We will start with a single layer that uses matrix multiplication and adds a vector of biases. Along with this, we will track the gradients wrt the tensors so will use ‘requires_grad’ in PyTorch.

We create a set of random weights with torch.randn. The size of this weight tensor is (784, 10). The size of an input image in the training set is 784 (images are arrays of 784 entries that have already been flattened, we have 50,000 of them). The weight tensor’s second dimension, 10, corresponds to the number of neurons we have in that layer. We wish to have 10 neurons since we have 10 classes we want to classify (0,1,2,3…9 number of handwritten digit)

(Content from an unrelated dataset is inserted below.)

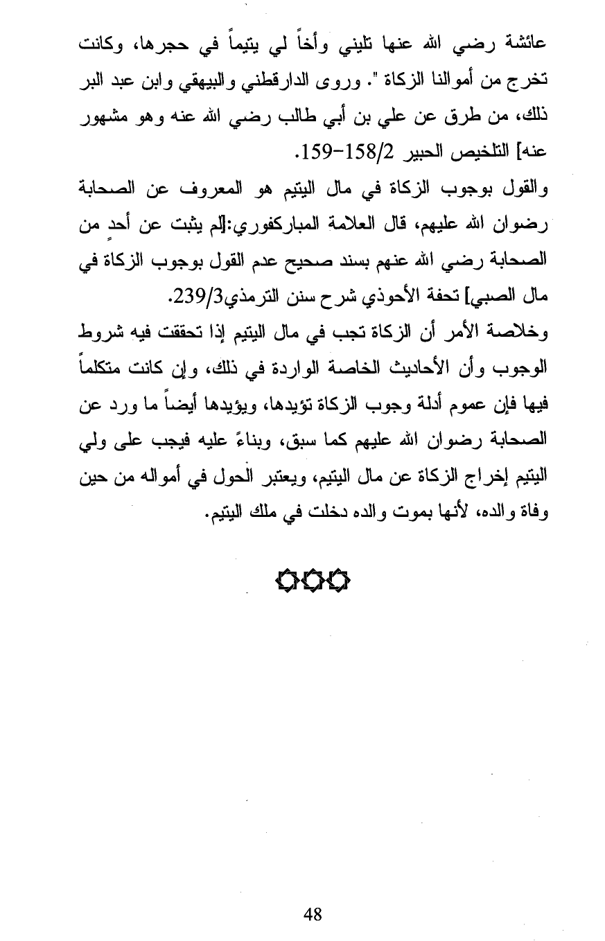 عائشة رضي الله عنها تليني وأخاً لي يتيماً في حجرها، وكانت تخرج من أموالنا الزكاة ". وروى الدارقطني والبيهقي وابن عبد البر ذلك، من طرق عن علي بن أبي طالب رضي الله عنه وهو مشهور عنه] التلخيص الحبير 2/ 158 - 159.

We define the linear operation of multiplying an input tensor by the weight tensor and adding the bias as a function. After this, we define a log-softmax operation to normalise the output of the model to return probabilities of each of the 10 classes. We use the log-softmax instead of regular softmax for stability reasons. Also due to its relationship to ‘surprise’ of events happening. When framing the problem as an optimisation problem, we are trying to minimise the surprise of each of the outcomes. Surprise is defined as the negative log of the probability. The expectation of the surprise is the entropy of the system. Cool video here about why we use surprise and why the idea of this optimisation and surprise framing yields the KL-divergence and Maximum Likelihood Estimation. The logarithms of probabilities.

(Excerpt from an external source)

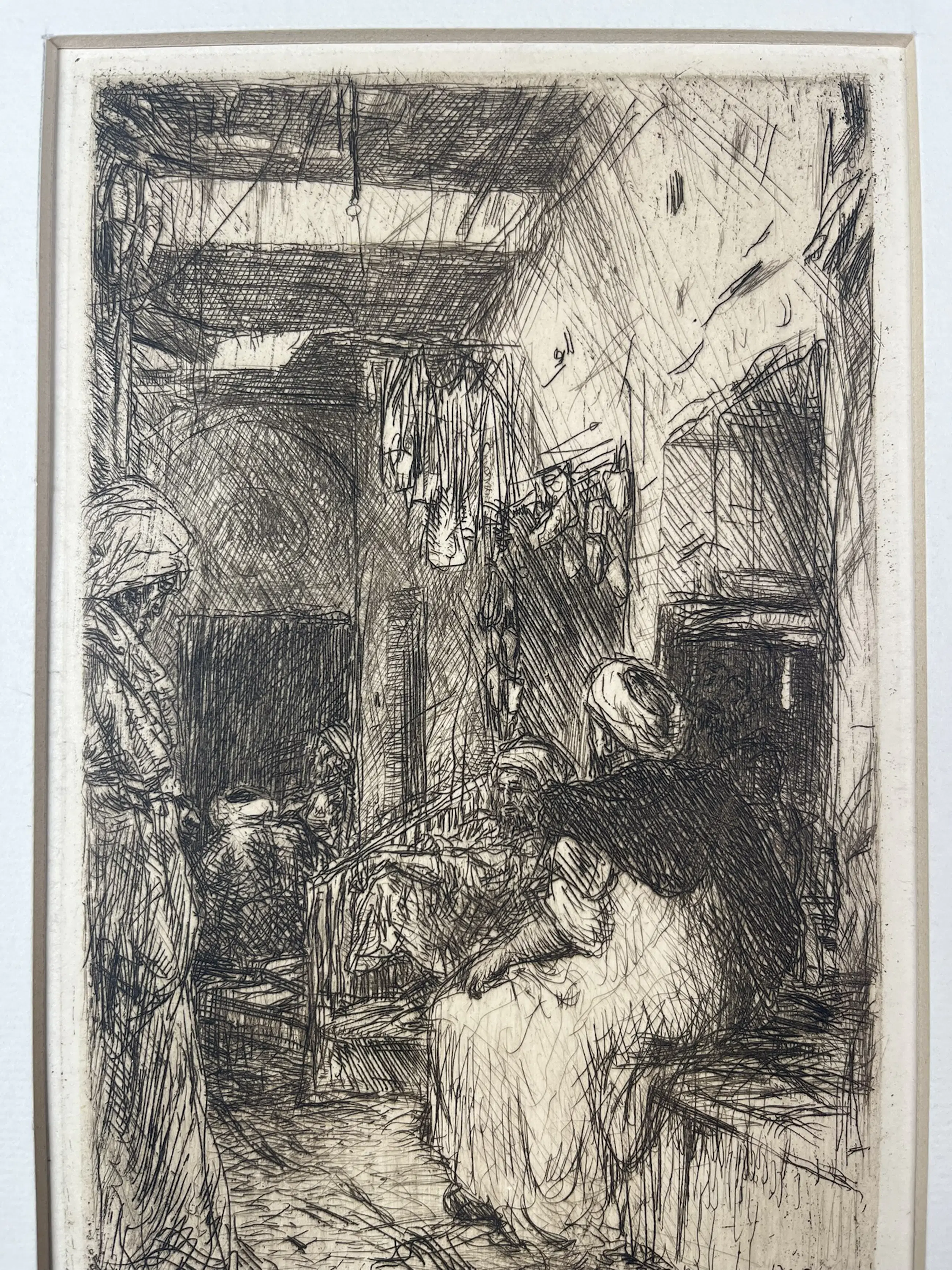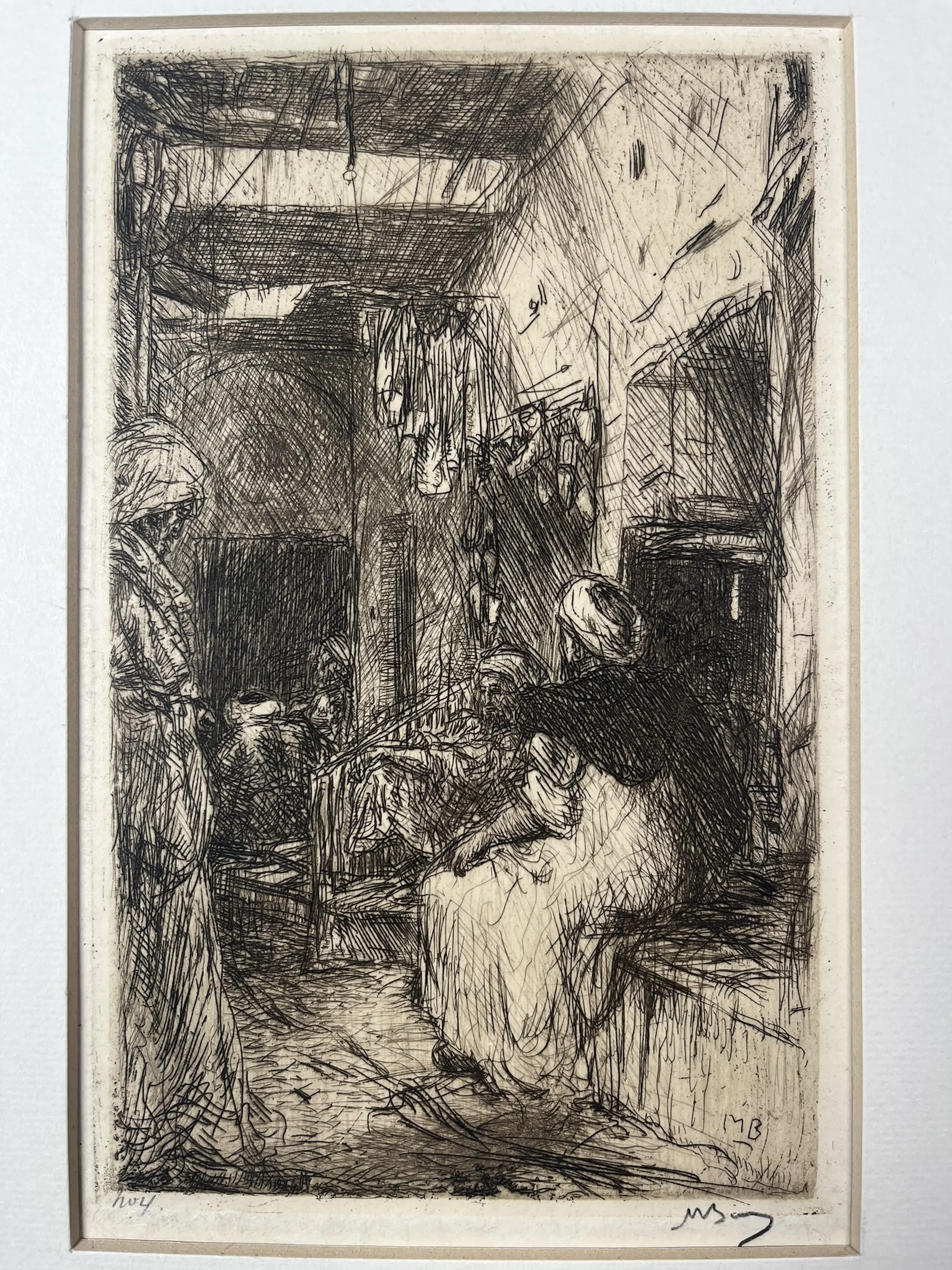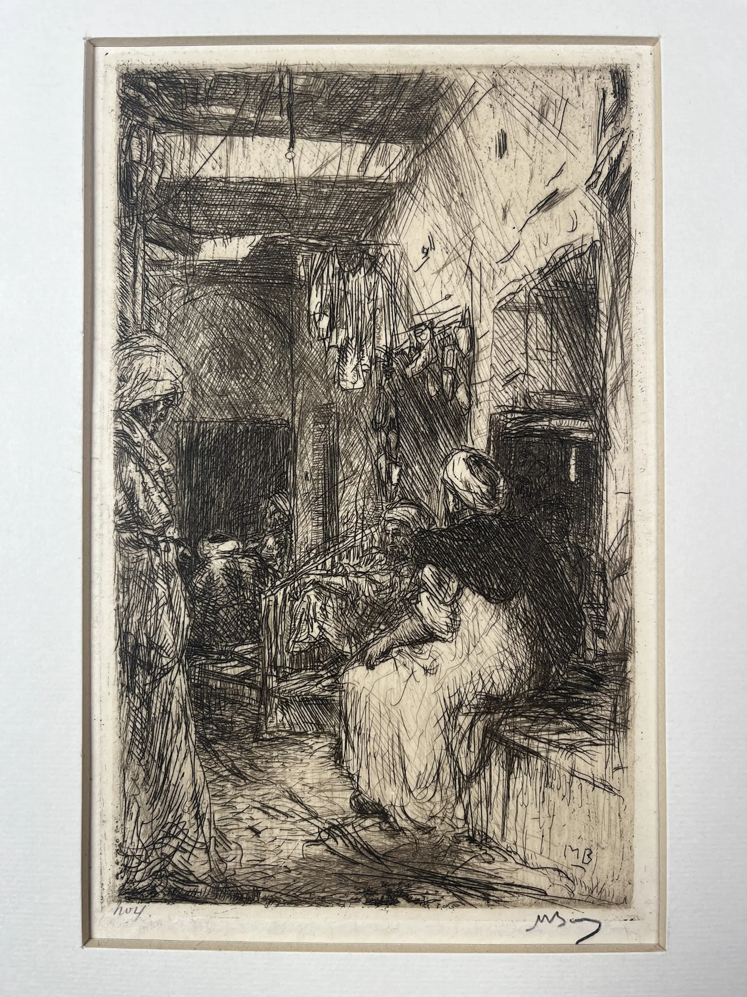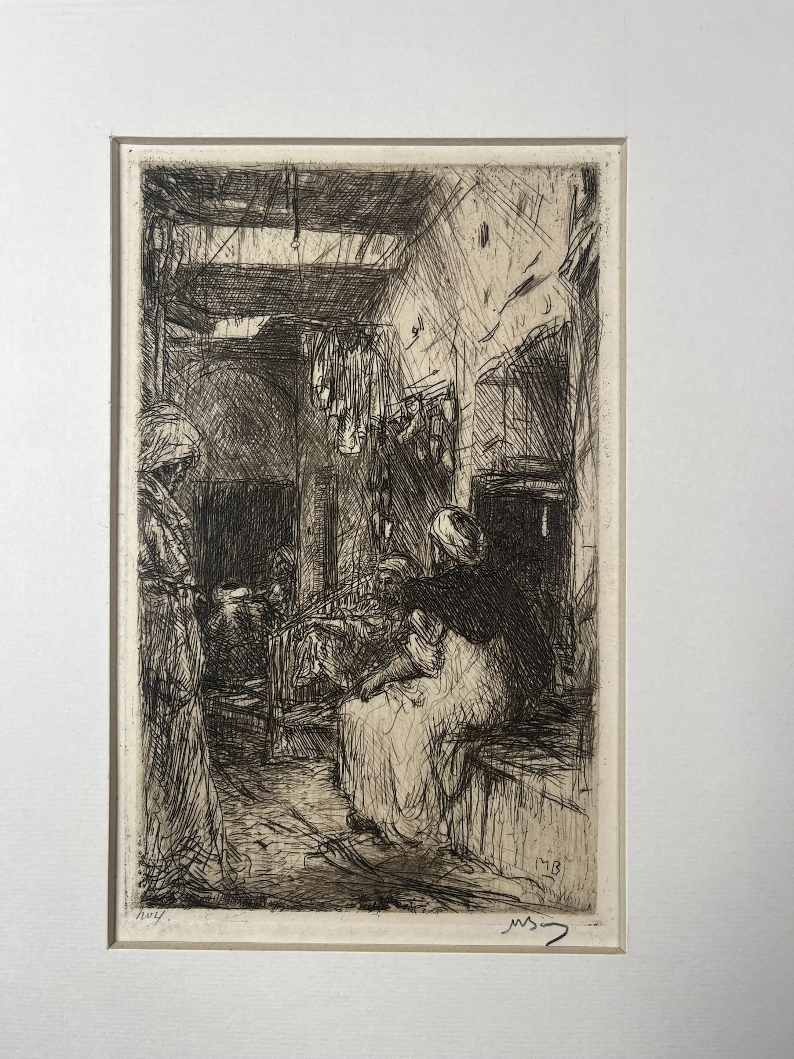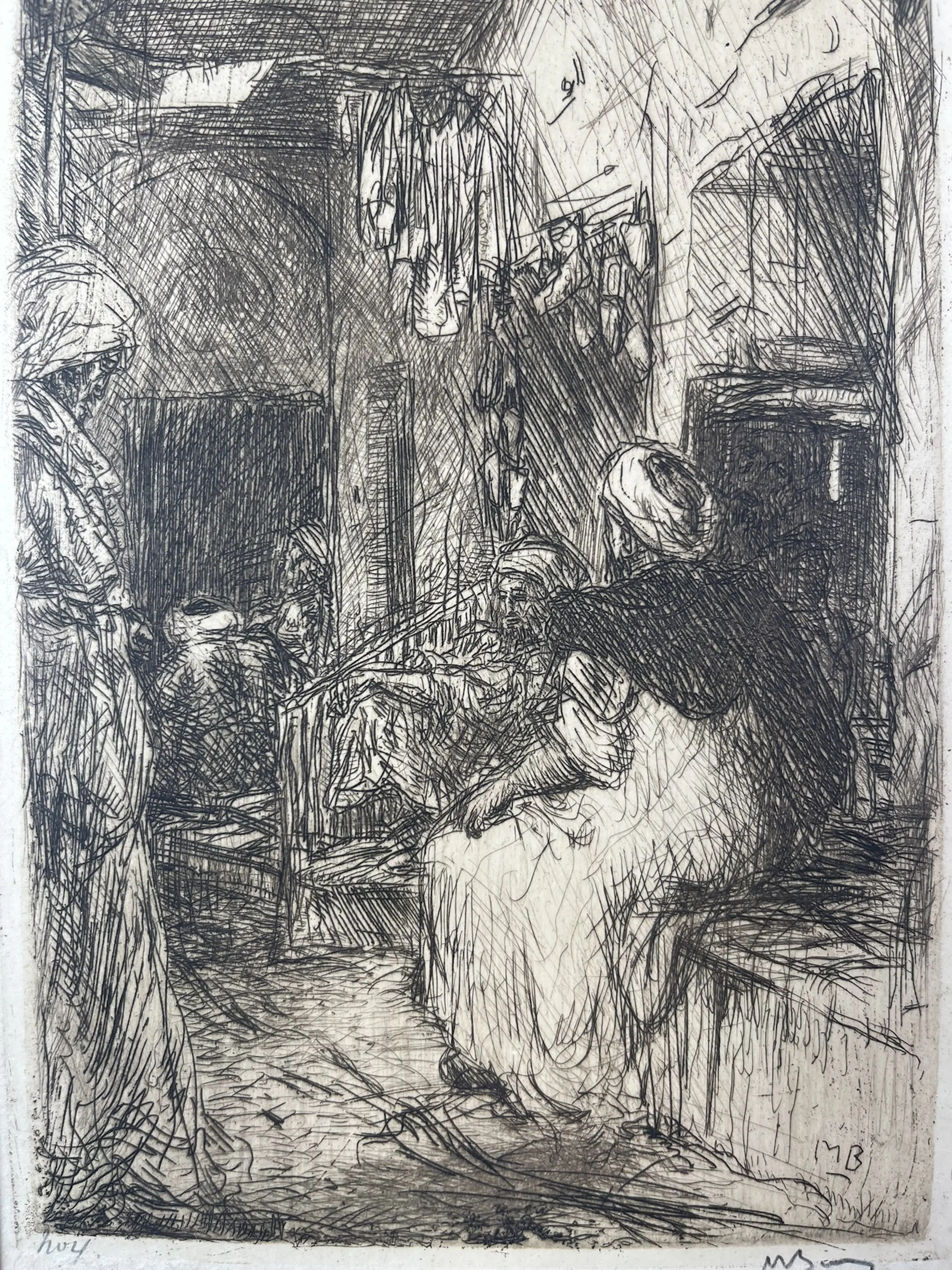 Zijn etsen tonen markten, moskeeën, karavanen en oosterse stadsgezichten vol licht en beweging.

Moving on, we create our model by taking the log softmax of our linear layer of the input batch.

Batching

We use batches to split the training dataset up into smaller chunks. We apply our model to one batch at a time to save throwing everything at it at once.

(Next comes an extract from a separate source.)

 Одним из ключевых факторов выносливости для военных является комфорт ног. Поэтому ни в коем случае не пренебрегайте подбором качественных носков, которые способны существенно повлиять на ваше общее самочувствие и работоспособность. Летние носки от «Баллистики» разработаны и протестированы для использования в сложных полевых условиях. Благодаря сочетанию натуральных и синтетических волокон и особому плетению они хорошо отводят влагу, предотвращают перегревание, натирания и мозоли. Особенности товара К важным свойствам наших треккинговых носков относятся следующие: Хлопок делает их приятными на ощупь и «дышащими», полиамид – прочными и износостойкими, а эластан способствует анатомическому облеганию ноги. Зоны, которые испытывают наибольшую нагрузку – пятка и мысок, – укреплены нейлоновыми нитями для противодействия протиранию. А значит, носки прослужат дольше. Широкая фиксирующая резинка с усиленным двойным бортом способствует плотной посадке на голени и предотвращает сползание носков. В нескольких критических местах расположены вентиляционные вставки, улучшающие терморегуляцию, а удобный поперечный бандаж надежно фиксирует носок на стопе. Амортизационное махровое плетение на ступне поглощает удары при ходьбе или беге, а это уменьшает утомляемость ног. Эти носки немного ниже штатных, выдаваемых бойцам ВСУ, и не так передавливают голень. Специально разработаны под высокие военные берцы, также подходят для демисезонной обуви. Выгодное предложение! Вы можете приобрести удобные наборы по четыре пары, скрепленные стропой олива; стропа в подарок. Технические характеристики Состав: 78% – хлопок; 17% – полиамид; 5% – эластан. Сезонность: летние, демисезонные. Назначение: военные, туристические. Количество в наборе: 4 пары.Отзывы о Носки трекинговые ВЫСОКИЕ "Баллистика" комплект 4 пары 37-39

We achieve this by use of indexing. e.g. x_batch = x_train[0:batch_size]

The output size of the model is equal to the batch size by the dimension of the output neurons. Here the output is a tensor of shape (64, 10). and therefore a dimension of 2.

Loss and metrics

Obviously the output of the current model is rubbish. It’s just the log softmax of random weights multiplied by the input tensor plus a bias of zero. We need a way of quantifying how wrong this output is to inform how to improve it.

Note, all logs are lns (log base e).

We can start by assuming that the output from the model with the highest probability. The log softmax function is defined as $$log(\frac{exp(x_i)}{\sum_{j=1}^n exp(x_j)}) = x_j - log(\sum_{i=1}^n exp (x_i))$$ and this value is negative, so the output with the highest value has the highest predicted probability.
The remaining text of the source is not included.